# Roaches



## Derek Benson (Feb 19, 2004)

This summer, I've been thinking about trying a few different food sources for some of my larger anurans. I've heard that roaches would be a good source, and I've heard of lobsters, hissers, etc. Which one(s) would work out the best? I've got larger Phyllomedusas that these would be fed to. At the zoo where I volunteer, they have hissers, but they are enormous and the rear legs are very spiney, could this be a problem? Do nymphs have spiney legs? Also, any care information on them is great appreciated. I found some very tight fitting screen lids at the local pet store, I use thme for crickets and they work well. I often find crickets climbing upside down on the screen, meaning there's no escape route. For roaches, I've heard that vaseline is good to prevent them form climbing? Any and all input is appreciated.


----------



## EDs Fly Meat (Apr 29, 2004)

*Try Lobsters Derek*

Try Lobsters Derek

They are soft bodied and not too crunchy for the Phyllomedusa's. Be advised. They can climb glass, and have the ability to fly but mine never seemed to want to. Feeding them is easy in that they eat just about anything. even newspaper. But table scraps are better.
Later,
Dave

p.s. Newly hatched nymphs can be fed to darts.


----------



## phyllomedusa (May 17, 2004)

Hi derek,
Lobster roaches are probably one of the best foods i have found. Only drawback is they can climb glass. They produce extremely quickly as long as they are fed well. There is a brush on non stick coating (i'll be carrying it later this year however i believe australianbeardies.com carries it still) that even the tiniest lobster roach nymph cant climb. The nymphs come out about 1/8th-3/16th inch so are perfect for most darts and the adults are 1inch to 1.25 inchesin length and are great for treefrogs and bearded dragons. I raise them in modified 5 gallon buckets (cut a large hole in the top and 2-3 large holes and hot glue screening to them but use a very fine screen). I keep bearded dragons and uromastyx also so i tend to have veggies to give to the roaches(they love zuccini and yellow squash). I also feed a high quality dog food. Feeding them to the frogs i put them in small plastic lids (like the type that seal up mailing tubes) that have straight sides and not graduated as the roach nymphs seem to run around for awhile before finding their way up and out of the dish. 

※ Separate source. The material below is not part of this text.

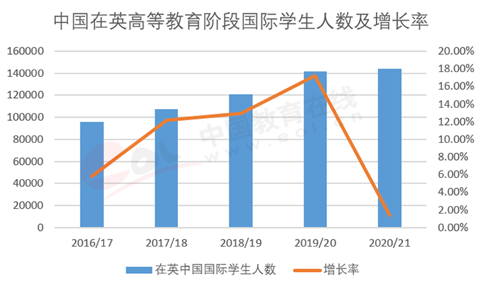 英國高等教育統計局(HESA)的數據也顯示,英國對中國國際學生的吸引力在持續上升,中國在英國高等教育階段學習的國際學生人數從2016/17學年的9.5萬人上漲到2020/21學年的14.4萬人,增加了接近5萬人,并且在疫情下的2020/21學年也保持了增長(見圖11)。

I used to culture hissers but found then only useable for the first or sencond instar before they became too chitinous for amphibs. I used to feed the adult hissers to a male nile monitor and he would love them but the hard chitinous head crest of the roaches would never be digested. I actually had to take a long pair of forceps and remove a roach that got stuck in his throat (it was an old large male hisser). I eventually became allergic to them.


Sean


----------



## Derek Benson (Feb 19, 2004)

Tnanks for the information guys. Lobsters sound like the way to go. Where do I go about obtaining some? Feeding veggies is no problem, because I have a russian tortoise that eats a lot of that stuff as well. One question I have is how do you get thme out of their tank into the frog's tank? Like crickets, put a paper towel roll in there and tap them into your feeder cup? Would they fly out? Another question, can you supplement them? Or do you guys just use as the occasional treat? Thanks a lot.


----------



## phyllomedusa (May 17, 2004)

Hi derek and dave,
Lobsters don't fly. At least not in the traditional sense. They can flutter their wings and maybe clumsily fly a few inches but that is about it. They only get their full wings at full adult at by the time they breed the tips of the wings get beat up that they really dont even try to fly. I keep them on egg cartons(like crickets). I came up with an idea for getting the smaller size roaches that works perfectly. I take a piece of 1.5 inch or 2 inch pvc pipe and cut it to 5-6 inches and drill a bunch of holes(1/4 or 3/8 inch) on one third of a side and put an end cap on either end . Inside it you can put either dog food or veggies(a quarter of a zucchi works best) and just stick it inside the bucket of roaches. I usually keep 2 of these per bucket. Just tap them to one end and pop the other end off The small ones just crawl in for the food(and they like the darkness too). I feed these 2-3 times a week to my darts and treefrogs. The baby roaches can be dusted with vitamins(this actually hinders there ability to climb).


Sean


----------



## geckguy (Mar 8, 2004)

I recently got some lobsters and they produce extremely quickly, I got 25 adults and about a month later I have hundreds of babies, all my darts seem to like them, except the thumbs which I haven't bothered feeding them to. Vaseline keeps them in there tub, keep them warm and they will do great, I have mine over a heat pad set to 88 degrees. If you need small roaches you can gather some of the egg cases and put them in a small container and wait for them to hatch, then feed from that container.


----------



## phyllomedusa (May 17, 2004)

Uh jacob lobster roaches are live bearers .


Sean


----------



## geckguy (Mar 8, 2004)

That would explain my difficullty in finding egg cases, but I assumed that was because I was uisng coco fiber as a substrate and the cases were getting coated in it making them impossible to find, the local species of roach does this, so I separated some in to a container without cocofiber and found a cylindrical yellow object that came from a roach, it is about 3/8", I saw it come out. I am not doubting you on the live bearing fact, but what was this yellow thing?


----------



## mindcrash (Mar 3, 2004)

Thats the egg case, it is extracted back into the female.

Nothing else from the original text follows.